On July 25, the fire had reached 30,000 acres, and by July 26 this number had jumped to 30,667 acres. The area of fire that burned along the Swawilla Basin was contained, and priorities shifted to structure and life protection. On July 28, the fire had reached 43,352 acres and another evacuation center was set up at the Republic Fairgrounds, and the center at Coulee Dam was closed. Containment reached 10% on the same day with major fire activity on the slope of Mount Tolman fanned by winds. Air operations were concentrated in the northeastern quadrant of the fire. Areas of the southwestern burned zone were reopened from Buffalo Lake Road to Peter Dan Road.

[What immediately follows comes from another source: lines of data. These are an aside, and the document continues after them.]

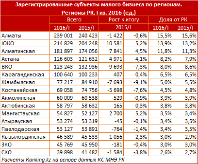 В основном малый бизнес расположен в южных регионах (41,2 процента субъектов малого предпринимательства от общего числа по стране). Больше всего предприятий насчитывается в Алматы (239 тысяч), на втором месте ЮКО (214 тысяч), на третьем - Алматинская область (181 тысяча). Наименьшее развитие малое предпринимательство получило в аграрных Кызылординской области (46,5 тысячи субъектов) и СКО (39,8 тысячи) и нефтегазовой ЗКО (45,7 тысячи). За год по Казахстану количество зарегистрированных малых компаний увеличилось в 7 регионах.
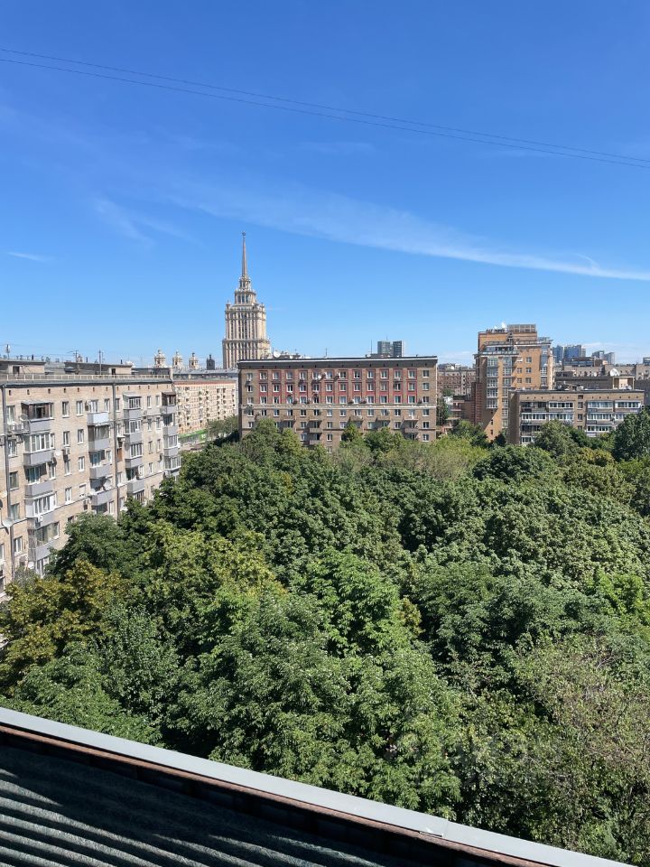 Здесь высокий потолок, большие окна, длинный балкон, панорамный вид(во двор), ванная с окном... А еще бесплатным приложением технический чердак(под хранение старых вещей). А еще есть выход на крышу. И нет соседей.
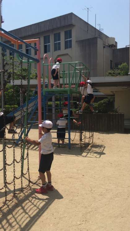 今日は体育の時間に遊具の安全な遊び方をみんなで確認し、一つずつ順番に遊びました。
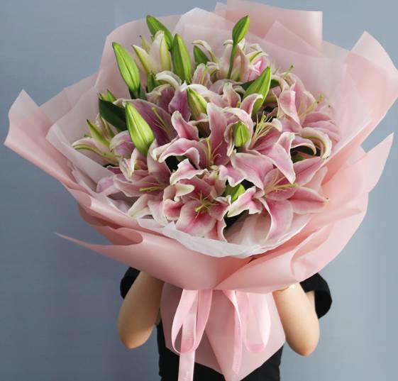 8支多头粉百合花束(22朵以上),如图 |
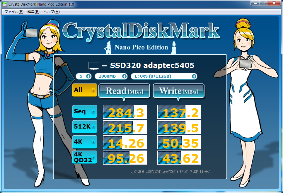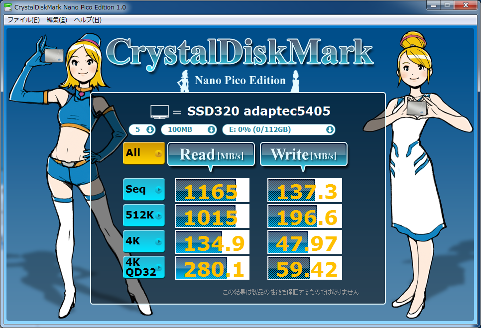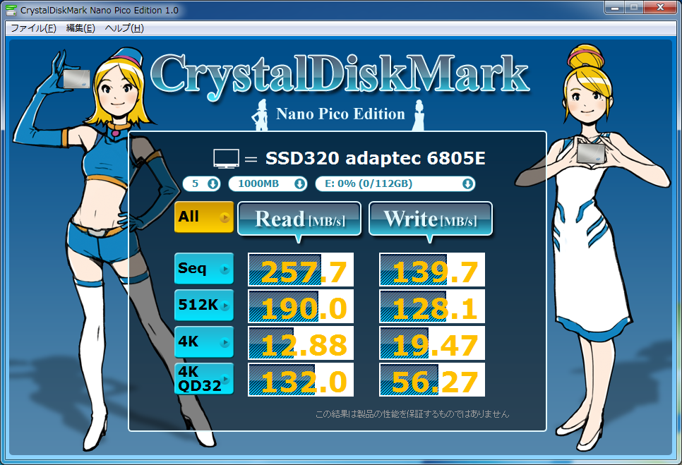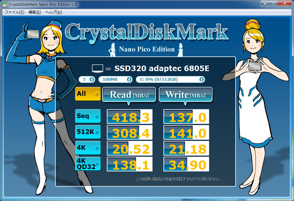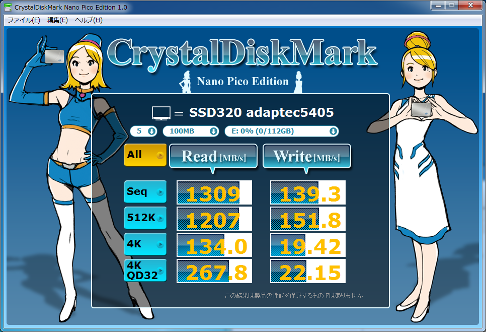 キャッシュメモリが有効になっている状態でもAdaptec SAS 5405には敵いませんので、SAS/SATA 2.0のデバイスで使う限りは、あまりメリットが見いだしにくいカードと言えます。

On July 30, firefighters had established fire lines in and around Keller to protect structures, however the level 3 evacuation notice was extended north to Cache Creek Road and east across the Sanpoil River "mouth" to areas of the eastern shore of the mouth. The Peter Dan/Manilla Creek Road corridor and then Highway 21 south to the ferry landing were transitioned to level to for residential use. The evacuation shelters had been updated again, with human shelter only available at the Republic Fairgrounds, but livestock shelters were open at the rodeo grounds in both Grand Coulee and Nespelem. As work on the Bridge Creek Fire transitioned towards mop-up work, the transition of teams and resources to the Swawilla fire started. Fire teams patrolled containment lines around Keller, and along Highway 21 performing controlled burns to reduce fuel pockets and strengthen the fire perimeter in preparation for increasing fire weather conditions forecast for coming days. Unmanned aerial vehicle systems were on night operations were used for remote controlled ignition of burns along the Mount Tolman fire lines. By August 2, the fire had reached 50,012 acres in size while being 65% contained, and with the Bridge Creek Fire at 90% containment more teams were transferred south to the Swawilla. The Republic fairgrounds transitioned to sheltering livestock and animals while taking no more evacuees. By August 3, the fire had reached 53,343 acres, but fire line construction and cooperative weather conditions allowed for the evacuation levels in a number of sections to be reduced to 2. Notably the Highway 21 corridor, Keller and the immediate vicinity, and the region between the Columbia and Manilla Creek/Peter Day Road. The eastern shore areas of the Sanpoil River mouth effected by evacuation notice were dropped down to level 1 notice, as was the area between Buffalo Lake and the Columbia north of Elmer City. The resources allocated to the fire as of August 3 included 685 personnel including 11 fire crews, 51 fire engines, and two Type 2 helicopters.

=== Incorrect damage statement ===
An incorrect news story by 560 KPQ 101.7 asserted the fire to have destroyed 28 structures as of August 1. This number was disputed by InciWeb command late on August 1.